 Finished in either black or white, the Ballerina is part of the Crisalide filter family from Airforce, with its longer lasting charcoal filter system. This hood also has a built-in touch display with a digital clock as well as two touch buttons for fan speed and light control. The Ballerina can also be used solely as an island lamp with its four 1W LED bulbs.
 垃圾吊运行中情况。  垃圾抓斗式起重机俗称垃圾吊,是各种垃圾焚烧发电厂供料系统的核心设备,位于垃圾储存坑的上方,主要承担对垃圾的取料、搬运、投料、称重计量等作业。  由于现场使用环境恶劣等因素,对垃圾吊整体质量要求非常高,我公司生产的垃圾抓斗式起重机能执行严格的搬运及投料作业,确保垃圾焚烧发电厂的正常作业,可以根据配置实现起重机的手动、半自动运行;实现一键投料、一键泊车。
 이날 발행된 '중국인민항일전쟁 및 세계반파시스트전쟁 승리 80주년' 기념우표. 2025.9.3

────────

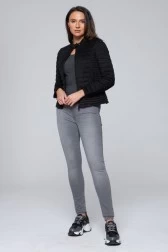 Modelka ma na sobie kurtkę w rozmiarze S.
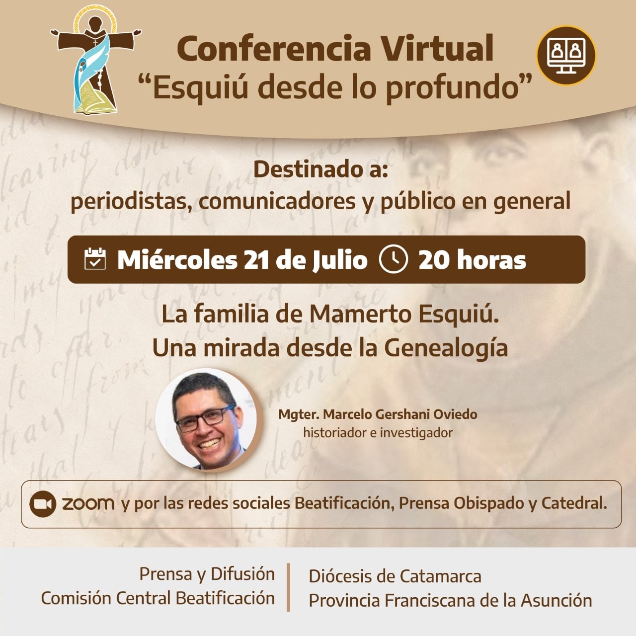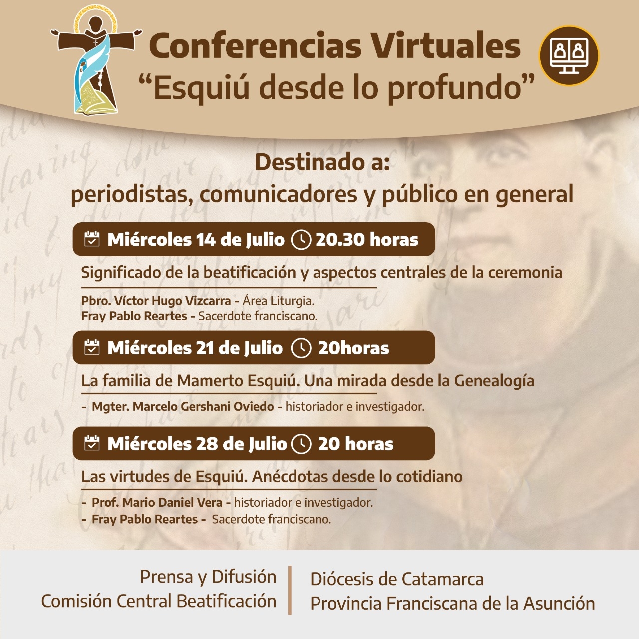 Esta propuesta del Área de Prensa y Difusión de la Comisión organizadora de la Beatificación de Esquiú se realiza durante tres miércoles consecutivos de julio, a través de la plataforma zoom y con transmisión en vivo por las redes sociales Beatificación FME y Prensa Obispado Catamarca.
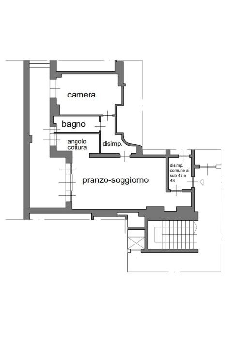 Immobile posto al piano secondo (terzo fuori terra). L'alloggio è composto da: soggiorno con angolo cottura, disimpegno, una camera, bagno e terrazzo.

────────

== Exercise description ==
Write out only the lines that run from the line containing "Finished in either" through the line containing "이날 발행된 '중국인민항일전쟁", both included, exactly as they appear above.

== Answer space ==
 Finished in either black or white, the Ballerina is part of the Crisalide filter family from Airforce, with its longer lasting charcoal filter system. This hood also has a built-in touch display with a digital clock as well as two touch buttons for fan speed and light control. The Ballerina can also be used solely as an island lamp with its four 1W LED bulbs.
 垃圾吊运行中情况。  垃圾抓斗式起重机俗称垃圾吊,是各种垃圾焚烧发电厂供料系统的核心设备,位于垃圾储存坑的上方,主要承担对垃圾的取料、搬运、投料、称重计量等作业。  由于现场使用环境恶劣等因素,对垃圾吊整体质量要求非常高,我公司生产的垃圾抓斗式起重机能执行严格的搬运及投料作业,确保垃圾焚烧发电厂的正常作业,可以根据配置实现起重机的手动、半自动运行;实现一键投料、一键泊车。
 이날 발행된 '중국인민항일전쟁 및 세계반파시스트전쟁 승리 80주년' 기념우표. 2025.9.3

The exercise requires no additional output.